My 3-Year Story of NFL Comebacks: Crusade Over Conspiracy

In light of the three-year anniversary of my first ever article, I have decided to share the ride’s ups and downs in my attempt to rewrite NFL history by blowing open a statistical conspiracy on the Denver Broncos and the use of fourth quarter comebacks.

Thursday’s article was basically the 8th chapter in the story (first seven are notably linked throughout here), but today is a perfect time to summarize the last three years, while also providing even more new evidence of a Denver comeback clusterfudge.

Documenting this process has been very important to me, and I hope it has been an entertaining and eye-opening look into the dark side of record-keeping and history.

The irony is I never had any intentions of being a journalist or anything of the sort, but this story has basically been my form of investigative reporting, and my angle to breaking into the business.

Please pass this link along and help spread the truth.

2009: The Rookie

August 6, 2009. Three years ago today, I crossed over from the world of internet forum/Excel-worshipping stat nerd to writer. I posted my first ever article.

Actually Doug Drinen of Pro-Football-Reference posted it, but it was my writing, and it was called “Guest Post: Quarterbacks and fourth quarter comebacks, Part 1.” (Chapter 1)

I thank PFR for giving me that first platform to turn my researched data into words, and I can only wish I would have written a better two-part article (Chapter 2) than I did. But that was my first time, and after hundreds of thousands of words later, I think I have a much better grip on this writing thing.

On that same day three years ago, Mike Tanier gave me a boost into the sports writing world by infusing my piece into his great Walkthrough column at FootballOutsiders. That helped spread the word and was phase one of my crusade. Thanks again, Mike.

I have said before I am not the first person to reject or disprove Elway’s mythical “record” of 47 fourth quarter comebacks, but I am the first to create a standardized system of fourth quarter/overtime wins so that we can track the real all-time leaders.
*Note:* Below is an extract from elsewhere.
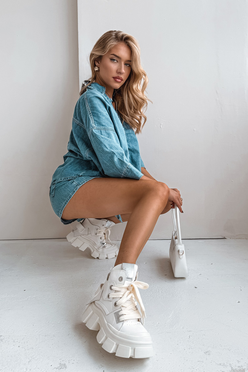 Women's sporty-style boots from GOE are an excellent choice for women who value comfort and fashionable appearance. Made from high-quality natural leather, they look stylish and are exceptionally durable. Set on a solid platform, they add character and provide wearing comfort. The model is laced, allowing perfect fitting to the foot, and the interior is lined with a shoe blanket, ensuring warmth on colder days. These boots are great for everyday casual outfits. Please refer to the size chart when choosing your size. When choosing a size, please refer to the size chart.

Though in my first articles you can see I was still caught up on trying to bunch all of these wins together, I soon after realized the best method is to make them two stats, and say “QB X has Y fourth quarter comebacks and Z game-winning drives in his career.” This continues to catch on, which I greatly appreciate.

Not long after those first two articles, I sold my database to Pro-Football-Reference and we put the comeback tables on every quarterback’s page for all to use. I added a part three (Chapter 3) to the series during the playoffs to explain the nuances of the data on the site. The data started showing up in writers’ coverage of the NFL.

I talked to Pittsburgh’s best sports writer, Ed Bouchette, for a story after game one of the 2009 season, and it made the front of the Sports’ section in the Pittsburgh Post-Gazette, which had me excited as a local guy. Later that season I contributed data to articles which appeared on Forbes and The Wall Street Journal.

2010: The Plot Thickens

For a newcomer, things were going pretty well, though not once had I heard anything from the Denver Broncos. E-mails to the head of PR went unanswered, as did any phone call attempt. I can’t even get Woody Paige or any Denver-related media person for that matter to slay the dragon. Are they afraid they’ll lose their job or something?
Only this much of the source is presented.